Otherwise the chronic error of the power and cell-phone companies—the false negative result—will continue to occur, with all the harm that the error entails. The nonlinear perspective would permit rationalization of causality based on the frequency of the kind of observation made (consistently non-zero), not on the arbitrary (and certainly wrong) assumption that a non-zero average of the magnitude of the observation is a necessary property of reproducibility.”
Folks conversant in the engineering aspects of radio frequency are typically ignorant or dismissive in the non effects of such radiation in biological life that deals in energy flows taking cues from the environment, which is why the conversation begins and ends with wattage/power exposure.
There's a biophysicist named Andrew Marino who explains the plight of deriving "evidence" from apparently mixed results in studies focused on the biological effects of non ionizing radiation (and hence why the safety standards are set the way they are):
“A common assumption is that the numerical value of the measured effect is the requisite reproducible observation. If a putative effect is +50 units, “reproducibility” is taken to mean that +50 units must be observed when the putative cause is reproduced or, allowing for the apparent stochastic variability exhibited by living systems, at least something close to +50 units. Under this assumption, an observation of 0 units or −50 units counts as evidence against a causal link, and observation of −50, 0, and +50 in three independent trials would be interpreted as strong evidence against the reality of the effect, based on averaging. But adoption of this assumption in a one-size-fits-all manner emasculates our ability to understand nonlinear biological phenomena, for example those caused by EMF’s. To see this, suppose that +50 and −50 were each observed five times in ten independent trials, an entirely permissible result in a fully deterministic system governed by nonlinear laws (nonlinear differential equations). Under the common assumption, a strong inference against the existence of an effect would arise because the data averaged to zero. Nevertheless the results were reproducible in the sense that they were consistently non-zero.

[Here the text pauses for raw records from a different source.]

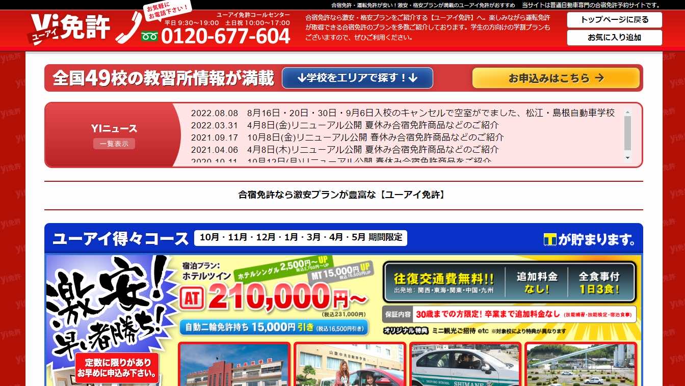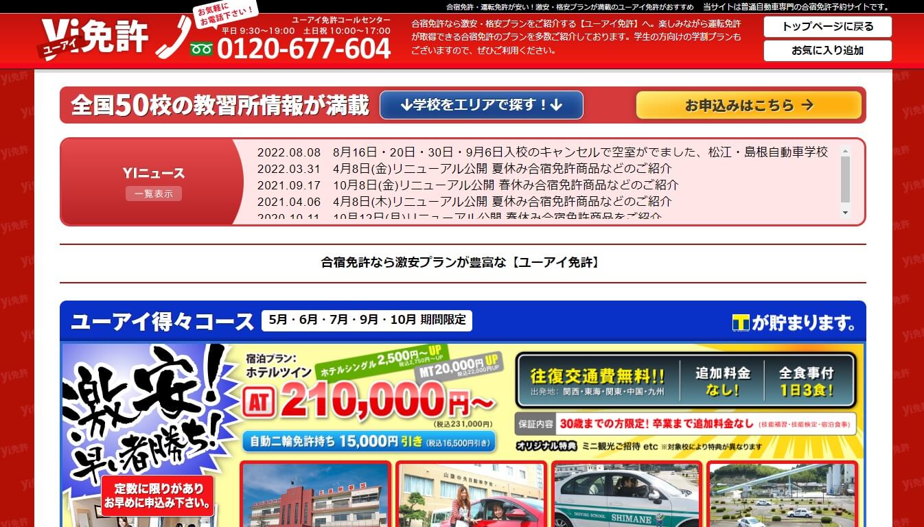 おすすめ合宿免許料金の安いランキング2位は、ユーアイ免許です。
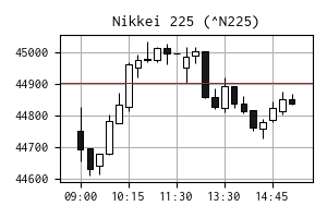 前日比 150.43 円安の 44,751.84 円と 5 営業日ぶりに反落で取引が始まりました。9:19 に 44,612.07 円の安値を付けました。
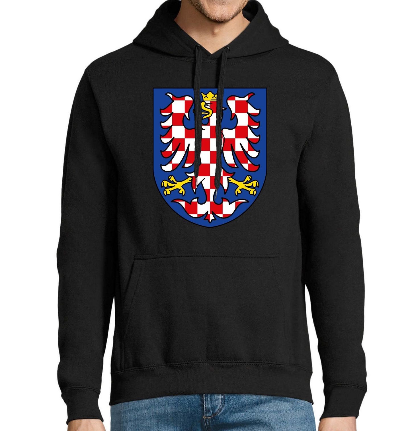 Pánská mikina Moravská orlice Znak Moravy. Na obrázku je moravská orlice – historický heraldický znak Moravy. Jedná se o červeno-stříbrně šachovanou orlici se zlatou korunou na modrém štítě. Tento symbol patří mezi tradiční zemské znaky a je součástí velkého státního znaku pro Česko. Motiv je vhodný jako dárek pro milovníky historie, sběratele znaků nebo každého, kdo chce reprezentovat Česko stylově.
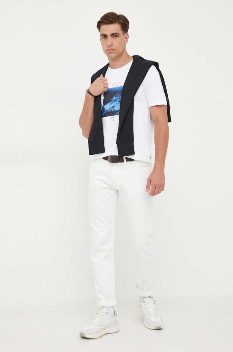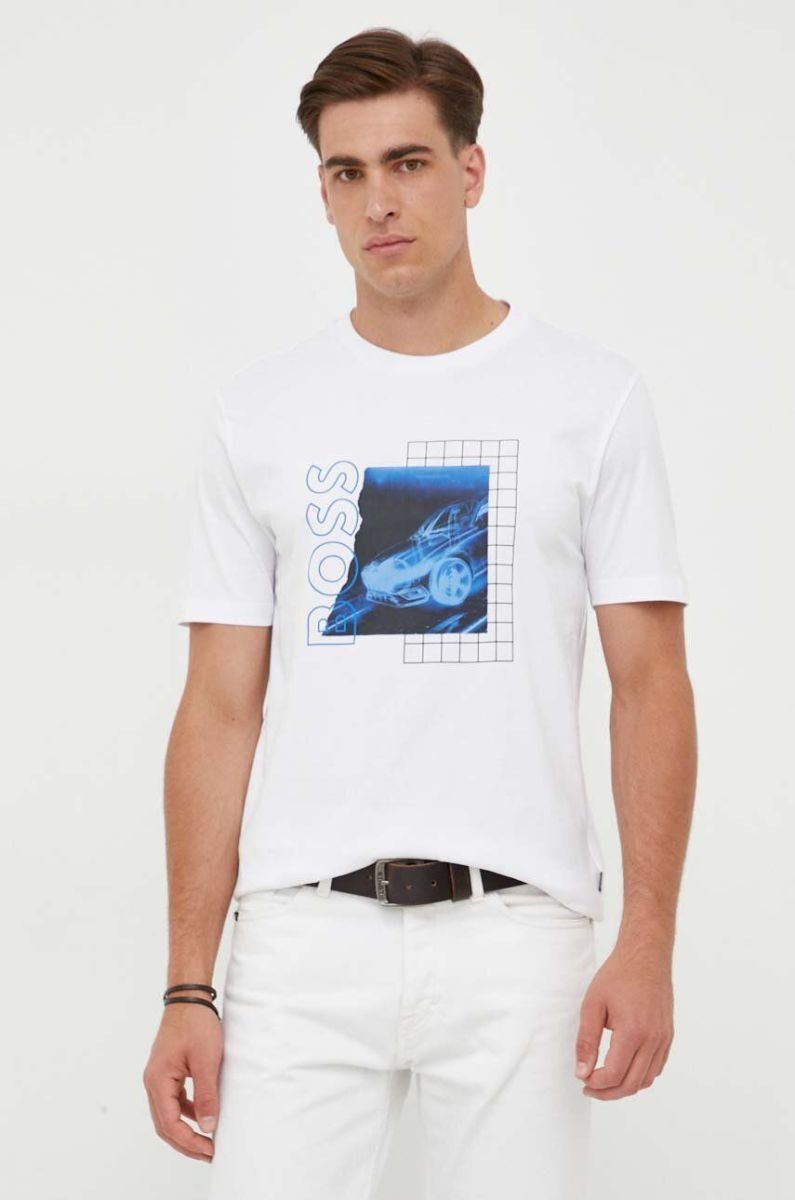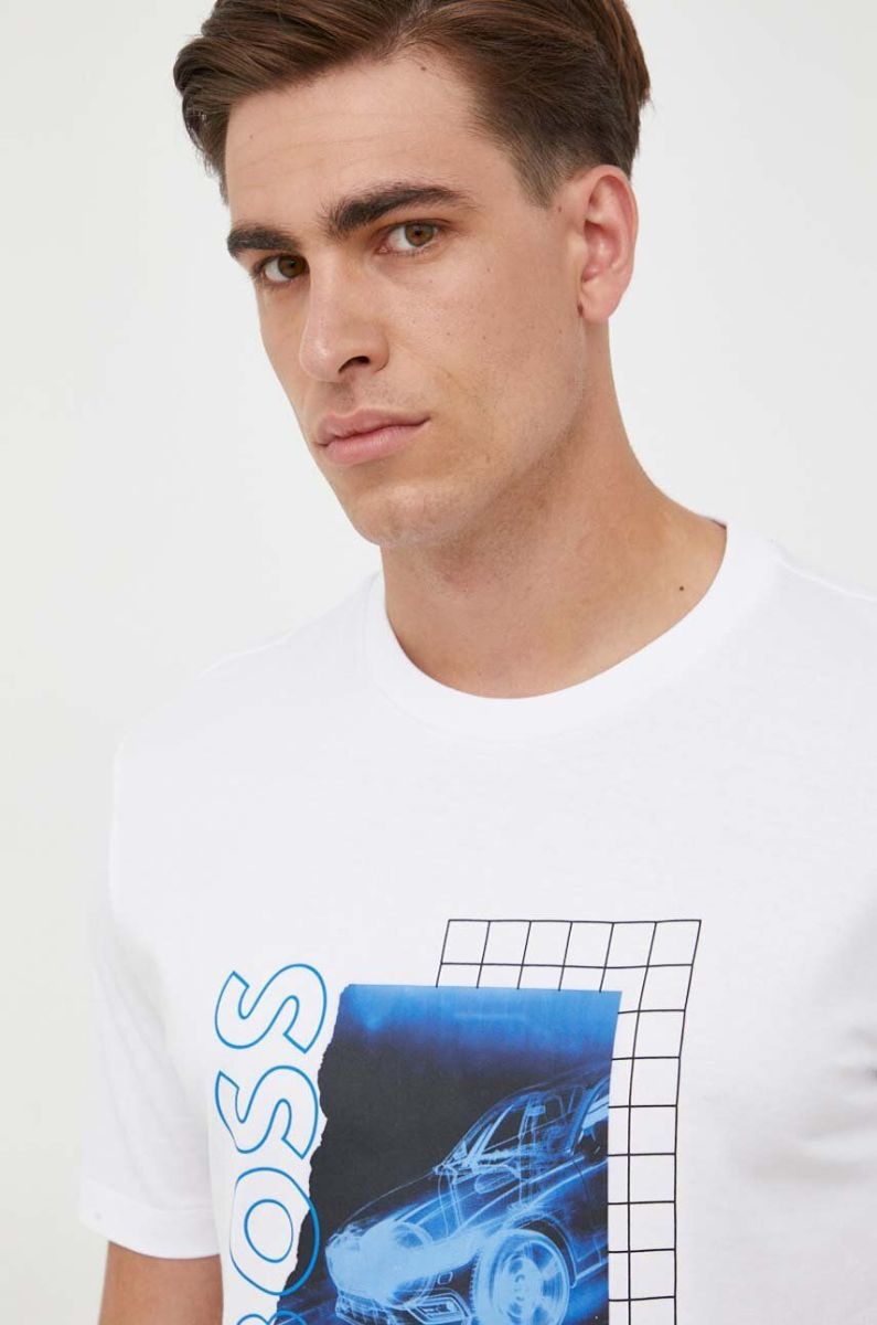 Бавовняна футболка BOSS колір білий з принтом (3417061)

Suppose the analytical method used to evaluate the data obtained in the ten trials returned a positive value each time the putative cause was applied, regardless of whether the measurement yielded +50 or −50. In this case the cause-effect relationship would be captured by the analysis and the scientific requirement of reproducibility would be satisfied. The biological effects of environmental EMFs must be viewed from this perspective of nonlinearity.
Otherwise the chronic error of the power and cell-phone companies—the false negative result—will continue to occur, with all the harm that the error entails. The nonlinear perspective would permit rationalization of causality based on the frequency of the kind of observation made (consistently non-zero), not on the arbitrary (and certainly wrong) assumption that a non-zero average of the magnitude of the observation is a necessary property of reproducibility.”